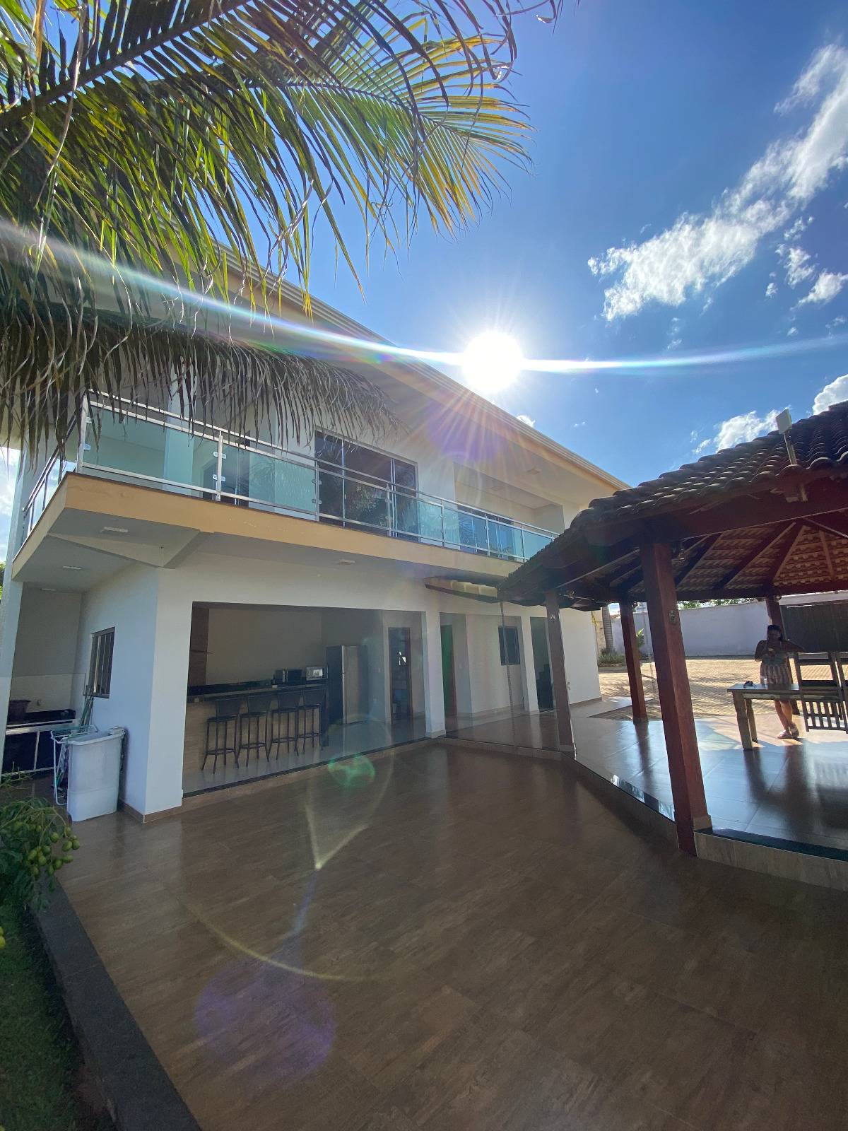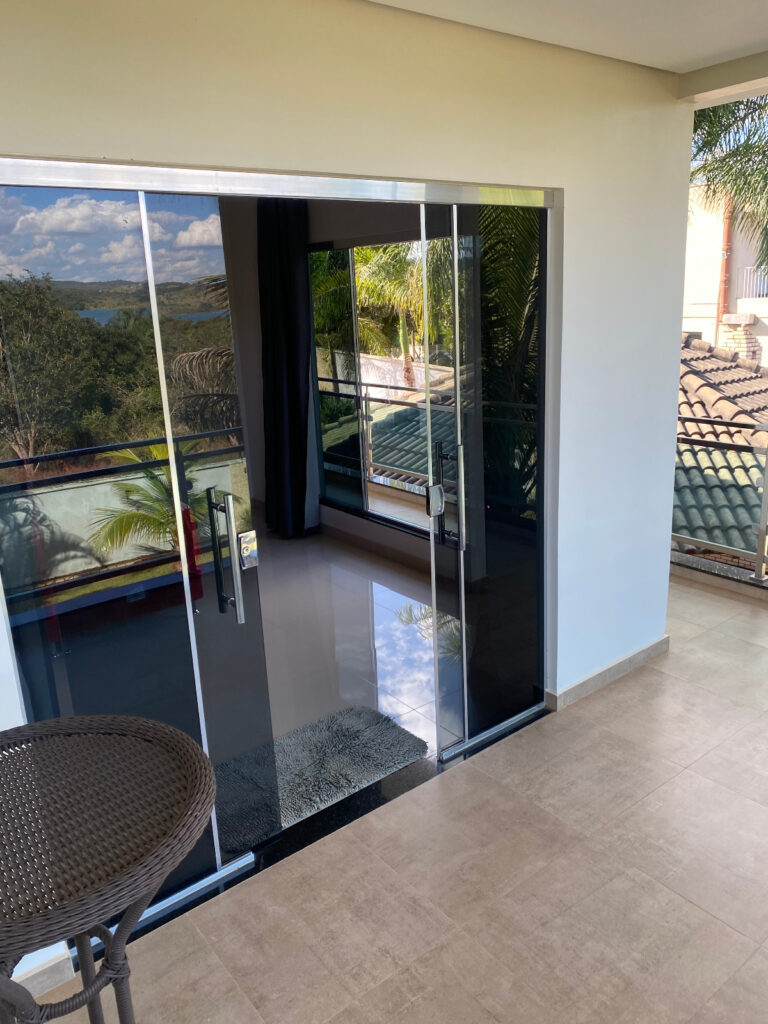 • Varanda em formato de L com fino acabamento em vidro
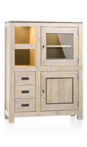 Darüber hinaus punktet der Schrank deutlich in Sachen Stauraum. Hierfür sorgen 2 Nischen, 3 Schubladen und 2 Türen, wovon eine der beiden über eine integrierte Glasscheibe verfügt. Dies macht den Schrank zu einem wahren Raumwunder
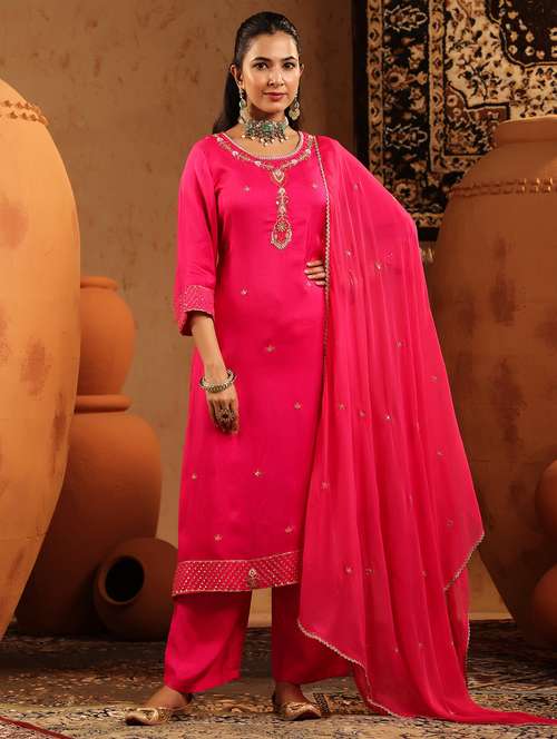 women embroidered three quarter sleeve kurta pant with dupatta set
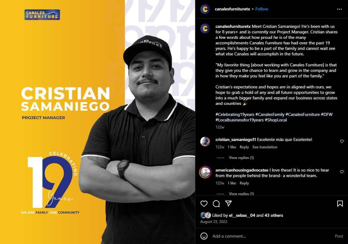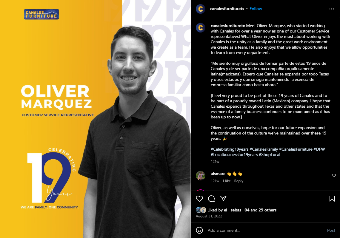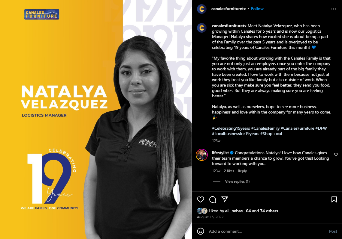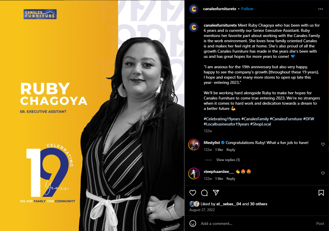 Canales Furniture is a family-owned furniture business that sells furniture, mattresses, appliances, and home decor. The company was founded in 2003 by Silvia Veronica Canales and her siblings, who began by selling furniture door to door. Today, Canales Furniture has 19 licensed stores in North Texas and Oklahoma.
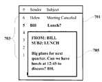 One exemplary implementation of the present invention is illustrated inFIG. 6. As shown, adisplay screen601 shows alisting603 of “Inbox” messages. When the first message to “Helen” is highlighted by the user, a pop-up “content”window605 is automatically displayed overlying the displayedlisting603. The content window is designed to display the content of the message highlighted without requiring the user to navigate and scroll as hereinbefore discussed. The content window determines where the content of the message begins by finding an appropriate content field markers in the message display data. As illustrated, in the example, the first five lines of the message content are displayed in the pop-up content window along with the “From” and “Subject” fields. This enables the user to ascertain the message content quickly and navigate through the entire listing of messages in the same way to quickly find a selected message or a particular message for example which will have an answer to a posed question, without having to go through the details of all of the messages in the user's inbox listing. If the message cannot be completely displayed in the message box, then the user is provided by an option to scroll the message until the end of the message.
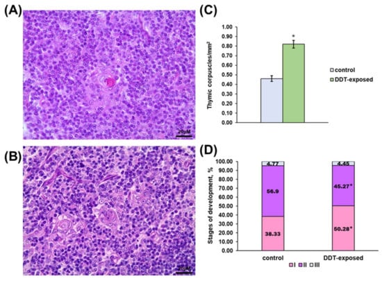 Besides higher lymphocyte density, the medulla demonstrated altered thymic epithelial cell turnover. The number of thymic corpuscles in 1 mm2 of medulla was double that in the control (Figure 2C). The stages of thymic corpuscles’ development also differed. In the intact rats, more than half of the corpuscles were in the second stage of development (Figure 2A,D). In the DDT-exposed rats, thymic corpuscles in the first stage of development prevailed (Figure 2B,D).
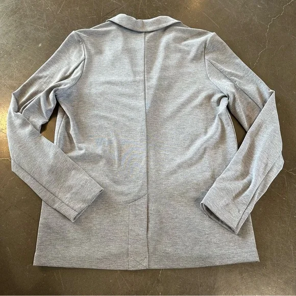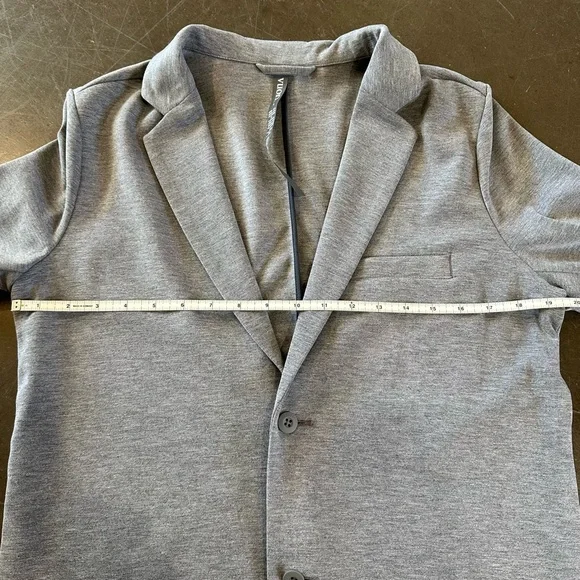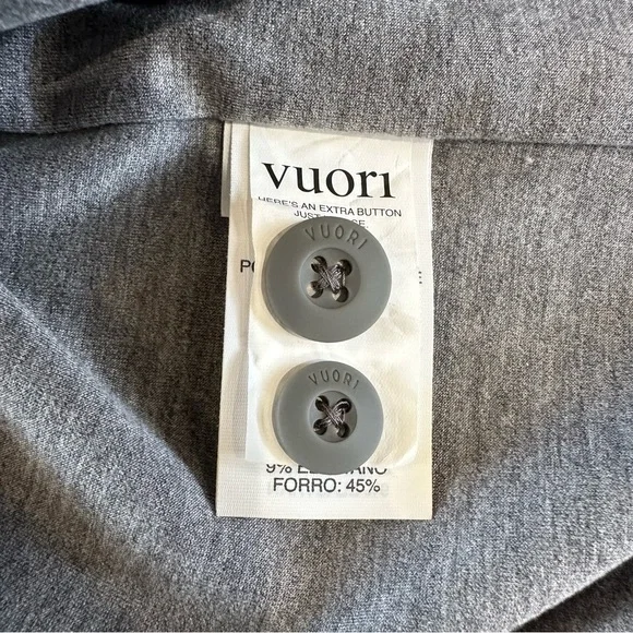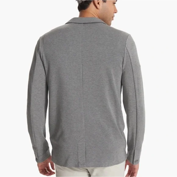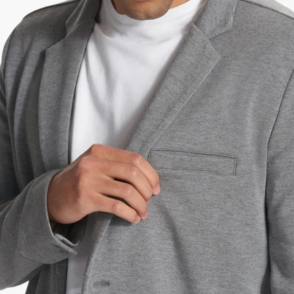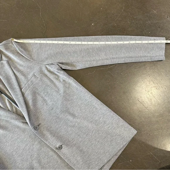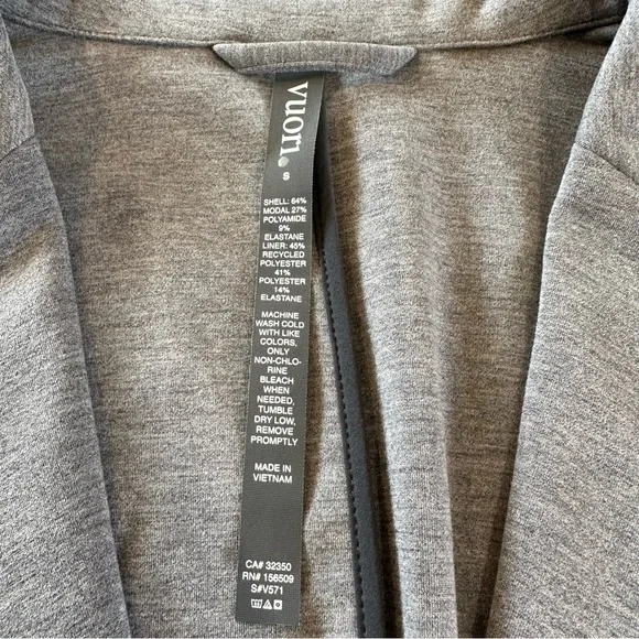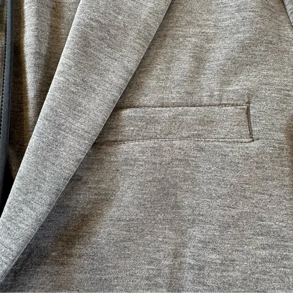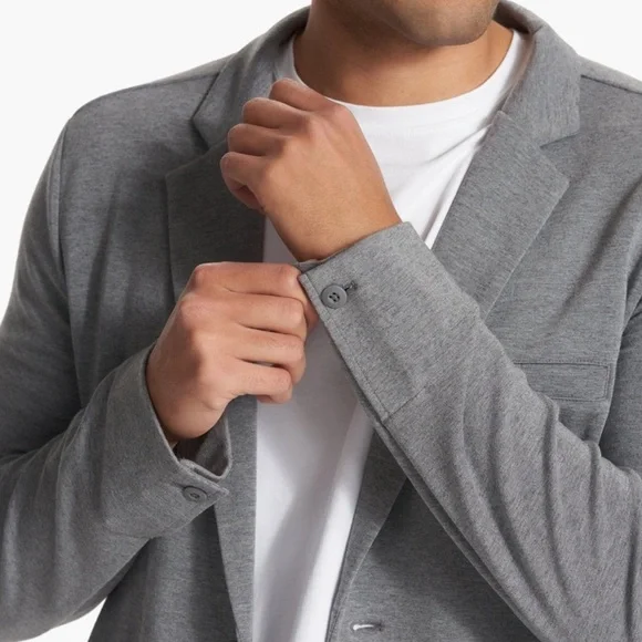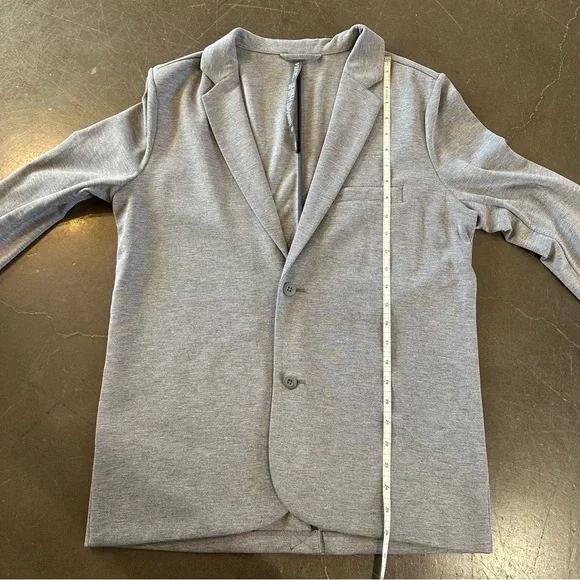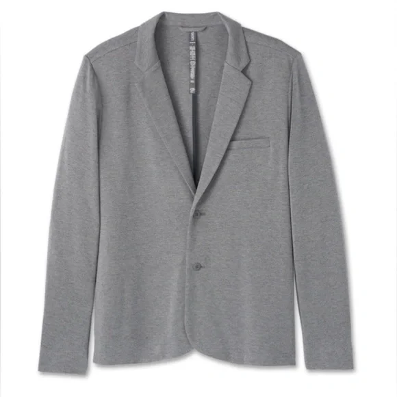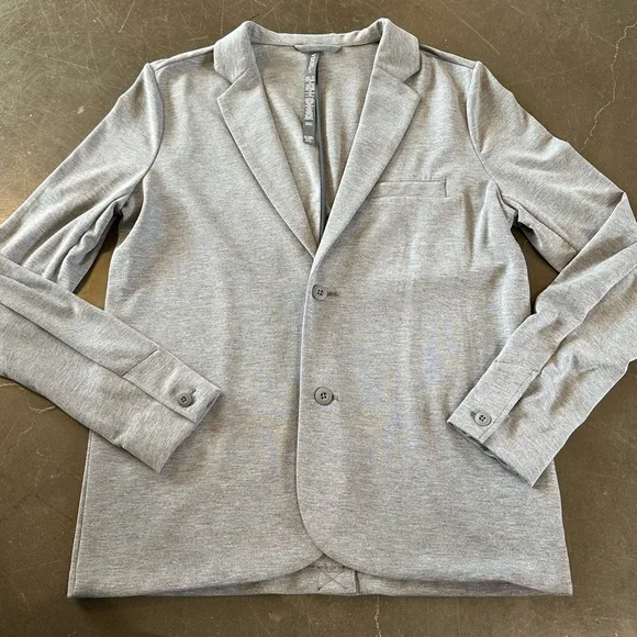 Looks like a blazer, wears like a tee. Made with a soft and stylish double knit jersey, this Vuori “Vail” blazer elevates basics and combines tailored sophistication with the brand´s signature comfort and performance. Designed for versatility, this modern blazer is crafted from a premium performance stretch fabric that moves with you while maintaining a sharp, structured silhouette. Lightweight, breathable, and wrinkle-resistant, the Vail Blazer effortlessly blends polish with all-day ease.—Welt Pocket (non-functional)—Button Cuff—Back Vent—2 buttons at front—Button cuff—Color:Heather Grey—Size:Small—Fabrication:Shell:64% Modal27% Polyamide 9% ElastaneLiner:45% Recycled Polyester 41% Polyester 14% Elastane—Condition: Unworn, new without tags. Small dot mark on interior brand label, but not visible from exterior. Smoke-free, pet-free home. All garments are steamed and sanitized using my LG Steam Styler Closet. As always, condition is subjective so please kindly note photos and videos. Additional images available upon request.—Measurements:Please see photos for approximate measurements - additional available upon request.—Photography:Item colors may vary slightly, contingent upon lighting, flash, time of day, depth or closeness of shot.
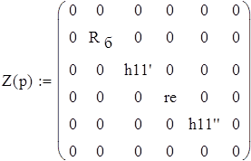 Матрицы-строки, выделяющие токи входного и выходного ребер из вектора токов z-ребер

> [ASSIGNED TASK]:
Would you copy, exactly, each line from the start of the listing above through the line with "Canales Furniture is", both ends included, but none of the pictures?

> [ANSWER TO THIS TASK]:
 • Varanda em formato de L com fino acabamento em vidro
 Darüber hinaus punktet der Schrank deutlich in Sachen Stauraum. Hierfür sorgen 2 Nischen, 3 Schubladen und 2 Türen, wovon eine der beiden über eine integrierte Glasscheibe verfügt. Dies macht den Schrank zu einem wahren Raumwunder
 women embroidered three quarter sleeve kurta pant with dupatta set
 Canales Furniture is a family-owned furniture business that sells furniture, mattresses, appliances, and home decor. The company was founded in 2003 by Silvia Veronica Canales and her siblings, who began by selling furniture door to door. Today, Canales Furniture has 19 licensed stores in North Texas and Oklahoma.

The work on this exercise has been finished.